TASK ITEM.
With pictures omitted, the line containing "- 워트 (10,010원" and all later lines of the records below are to be restated word for word.

WORKING DATA.
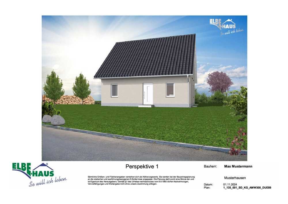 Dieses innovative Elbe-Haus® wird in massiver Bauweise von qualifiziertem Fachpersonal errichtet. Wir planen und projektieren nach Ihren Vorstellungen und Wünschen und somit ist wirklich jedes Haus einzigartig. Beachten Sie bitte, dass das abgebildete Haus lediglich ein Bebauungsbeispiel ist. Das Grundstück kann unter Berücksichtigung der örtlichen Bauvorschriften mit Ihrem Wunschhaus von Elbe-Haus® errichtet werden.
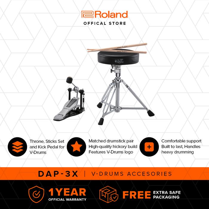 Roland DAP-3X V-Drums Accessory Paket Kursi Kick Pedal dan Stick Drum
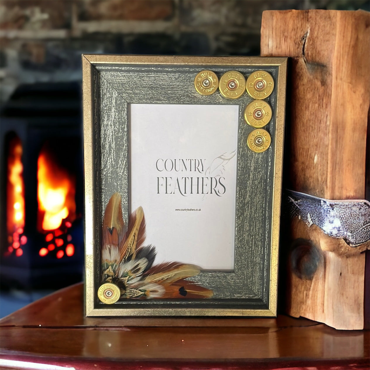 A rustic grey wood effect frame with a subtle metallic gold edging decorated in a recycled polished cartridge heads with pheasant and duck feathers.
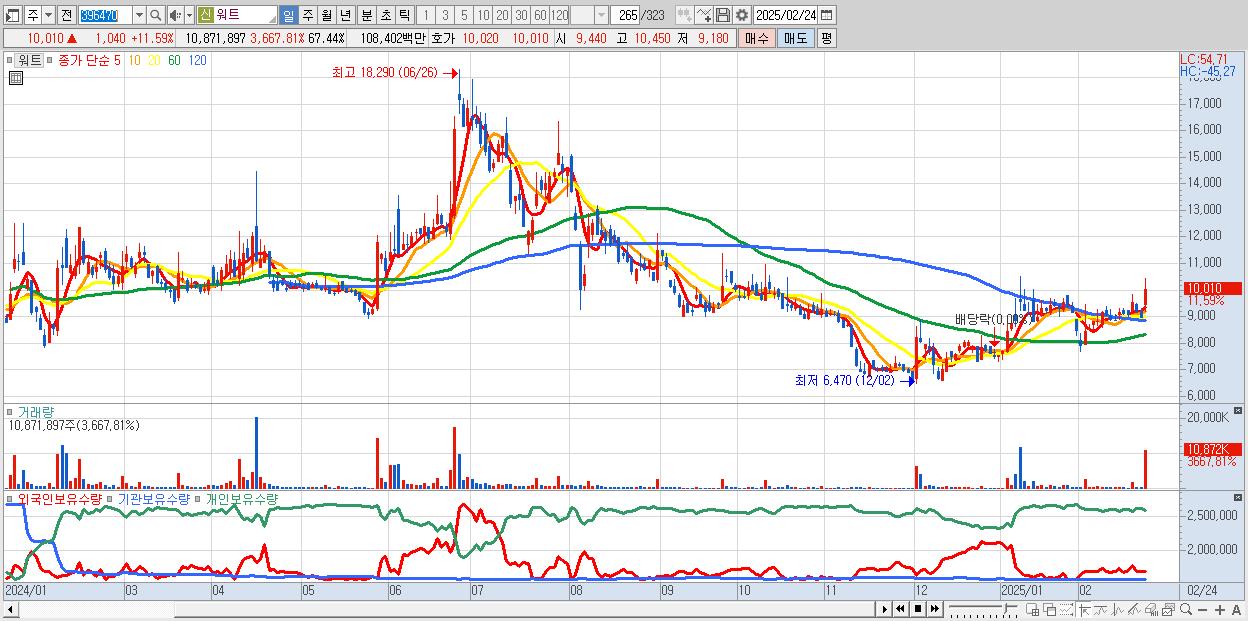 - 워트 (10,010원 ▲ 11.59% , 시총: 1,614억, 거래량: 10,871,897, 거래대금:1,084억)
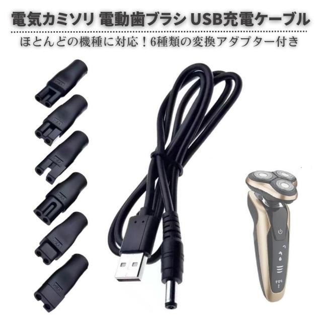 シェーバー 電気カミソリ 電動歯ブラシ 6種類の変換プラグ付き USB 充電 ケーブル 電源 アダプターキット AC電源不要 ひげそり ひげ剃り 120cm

FINAL ANSWER.
 - 워트 (10,010원 ▲ 11.59% , 시총: 1,614억, 거래량: 10,871,897, 거래대금:1,084억)
 シェーバー 電気カミソリ 電動歯ブラシ 6種類の変換プラグ付き USB 充電 ケーブル 電源 アダプターキット AC電源不要 ひげそり ひげ剃り 120cm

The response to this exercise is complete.